Theo segera mengejar Aira, dia masih ada perlu dan Aira malah pergi terburu-buru. Kadang Theo terlalu tumpul untuk menyadari perasaan seseorang. Dia bahkan tak tahu diri, masih saja mau meminta sesuatu pada orang yang tidak bisa dia perlakukan dengan baik.

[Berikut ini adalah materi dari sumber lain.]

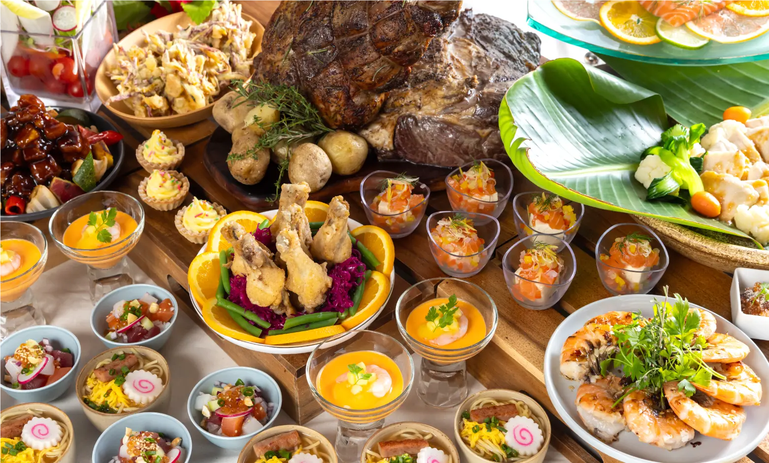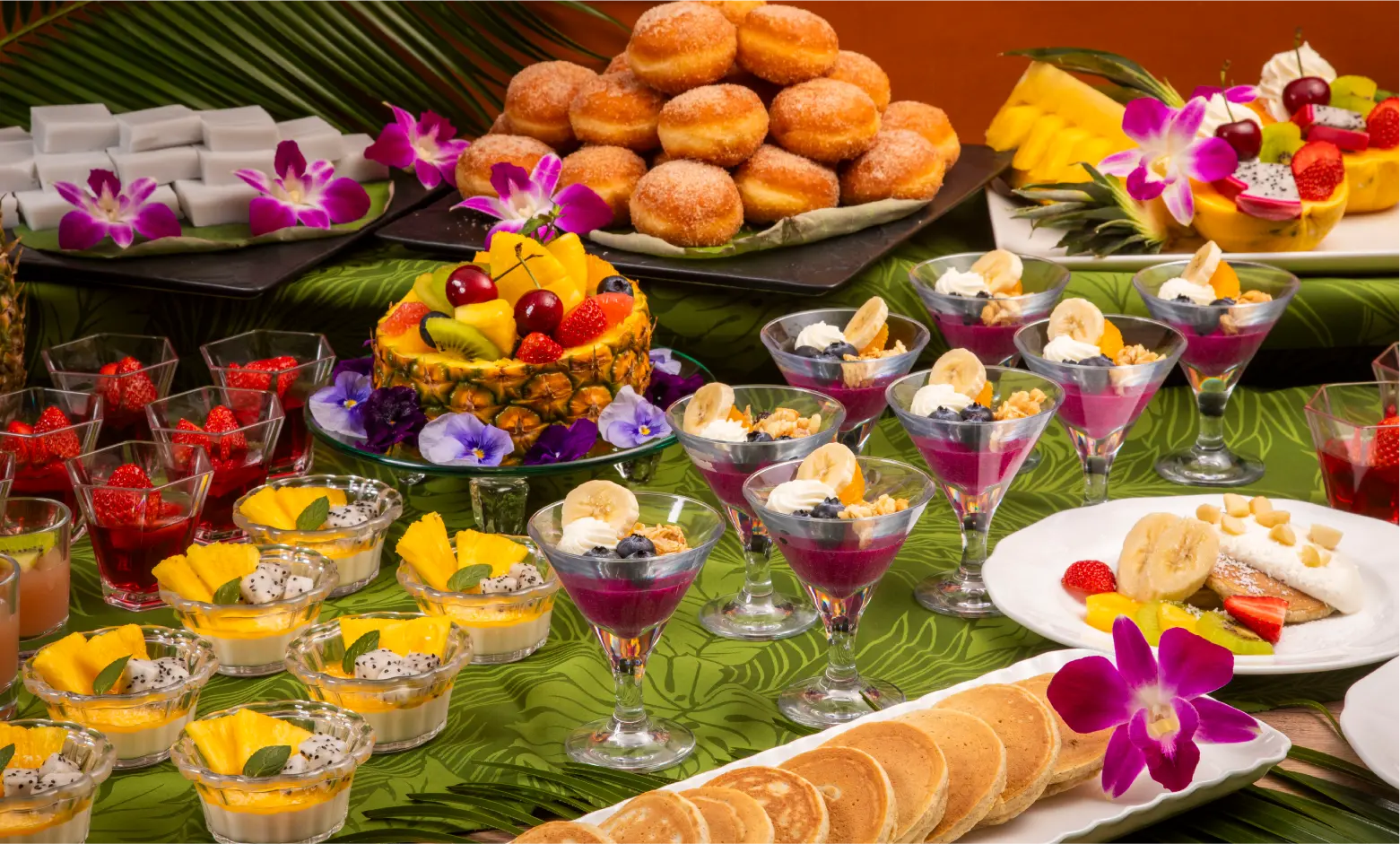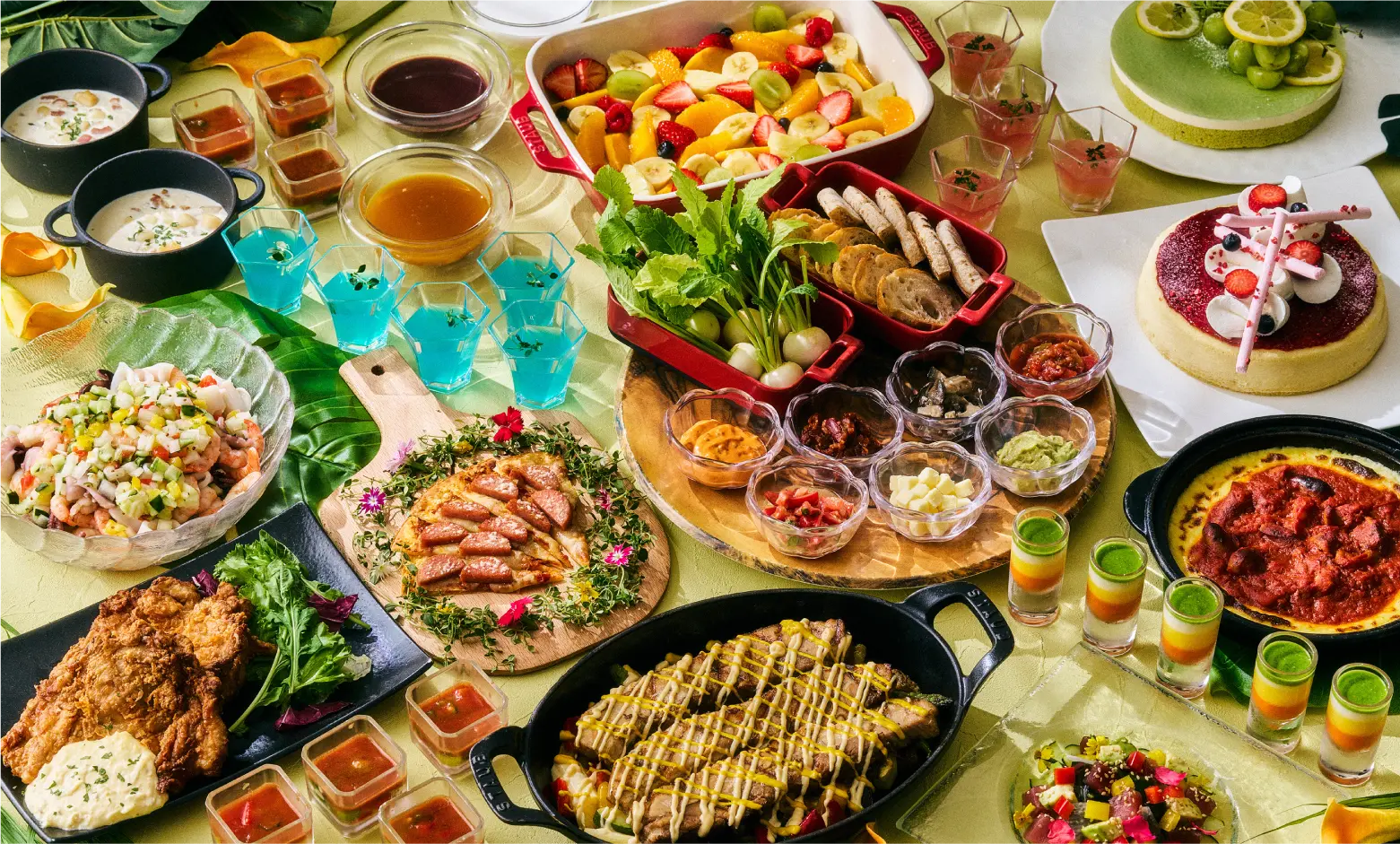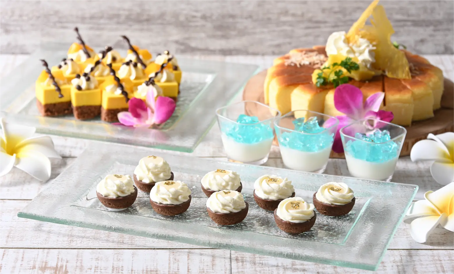 シェフがお客さまの目の前で仕上げる天ぷらや寿司、スパイスと青山椒の香りを感じるメニューなどを食べ放題でお楽しみいただけます。 7月から登場するココナッツタルトやブルーハワイジュレを添えたパンナコッタなど、南国の風が香るハワイアンデザートを心ゆくまでご堪能ください。

“Lepaskan aku! Dasar Alpha tak berguna! Tak mampu mengalahkan kucing kecil dan bergantung pada cara kotor.” Aira tak mau lagi menjaga perasaan Theo. Dia bahkan mengeluarkan cakarnya ke depan muka sang tunangan.
“Aku sudah muak melihat mukamu.” Selanjutnya, Aira menendang kaki Theo.
Theo terjatuh, mengutuk Aira berkali-kali saat wanita itu pergi meninggalkannya begitu saja. Kalau saja dia tidak dalam kondisi terluka, Theo pasti tidak akan selengah itu membiarkan Aira memperlakukannya seperti ini.
Kadang menghadapi teman masa kecil itu sulit. Theo bisa semena-mena, tapi ada batas di mana dia bisa tegaan pada Aira.